The article examines how widespread algorithmic decision-making systems shape digital media while remaining difficult for the public to critically evaluate. Drawing on the theory of attitude–behavior consistency from political communication, the authors develop a framework to foster algorithmic literacy and encourage more informed public attitudes toward algorithms. They design and test an intervention that combines algorithmic education with personalized user experiences to assess its impact. The findings show that both components together shape attitudes toward algorithms, but the effectiveness of the intervention varies depending on individuals’ patterns of technology use.
Academic Article · 2019
The postdigital challenge of critical media literacy.

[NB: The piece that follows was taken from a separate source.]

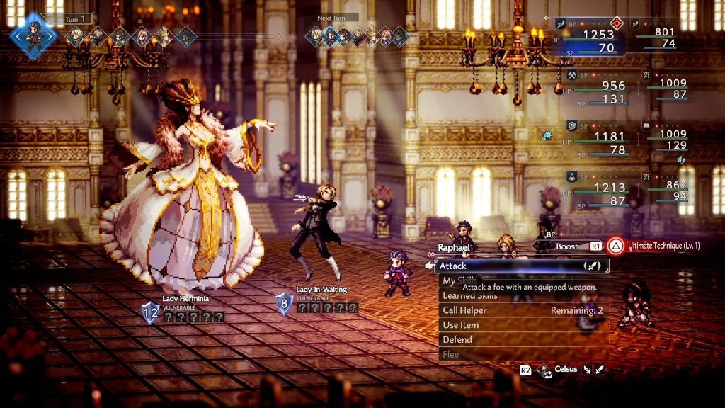 Η ομάδα μας πλέον δεν θα αποτελείται από μια τετράδα, αλλά από μια οκτάδα! Πιστή στο όνομα του Octopath Traveler, ο νέος μηχανισμός στη μάχη είναι η άμεση εναλλαγή μεταξύ 8 ηρώων, έτσι ώστε να δοθεί μεγαλύτερο βάθος στην τακτική μας και να γίνουν οι μάχες πιο συναρπαστικές. Έχει παραμείνει ανεπηρέαστο το breaking guard σύστημα από τα προηγούμενα παιχνίδια, η σπέσιαλ κίνηση του κάθε ήρωα ξεχωριστά και τα Boost Points που δίνουν έξτρα απλές επιθέσεις ή έξτρα δύναμη στις ικανότητες. Μοναδική εξαίρεση είμαστε εμείς, δηλαδή ο εκλεκτός, που κουβαλάει πολλαπλές ειδικές ικανότητες. Η μάχη είναι πολύ γρήγορη και επιβραβεύει την τακτική και όχι το all out attack –τιμάει τον πυρήνα ενός στρατηγικού JRPG.

The article redefines critical media literacy within a postdigital context shaped by Big Data and artificial intelligence. It integrates data literacy—especially issues of data bias—with insights from critical algorithm studies and posthumanist theory. The authors explain key AI concepts such as machine learning, neural networks, deep learning, and algorithmic bias, distinguishing them from earlier software technologies. They argue that critical media literacy must update its theories to address both the technical and political dimensions of AI and data systems.
Academic Article · 2025
Media Ethics & AI-Generated Imagery
The impact of artificial intelligence (AI) on human society is indisputable. This paper explores AI's influence on the media industry, with a particular focus on understanding the effects and implications of generative imagery and other AI integrations across various dimensions of the media landscape. A methodical literature review highlights key themes, including content creation, curation, visual media, privacy concerns, and evolving media ethics. The findings demonstrate that AI-generated imagery serves as a powerful creative tool, yet remains in constant evolution and demands a well-defined legal and ethical framework for responsible use in journalism and media. The results also emphasize the need for professional guidance, continuous skill development, and the implementation of ethical AI practices within the industry.
Academic Article · 2025
Generative AI Literacy: Twelve Defining Competencies
This study proposes a competency-based framework for generative AI literacy that outlines the key skills and knowledge required to engage effectively with generative AI technologies. The model spans twelve competencies, ranging from basic AI understanding to advanced skills such as prompt engineering, programming, and awareness of ethical and legal issues.
Academic Article · 2023
Development of the “Scale for the assessment of non-experts’ AI literacy” – An exploratory factor analysis
This study develops and validates the Scale for the Assessment of Non-experts’ AI Literacy (SNAIL) to measure AI literacy among individuals without formal AI or computer science training. The study support a three-factor model covering technical understanding, critical appraisal, and practical application of AI.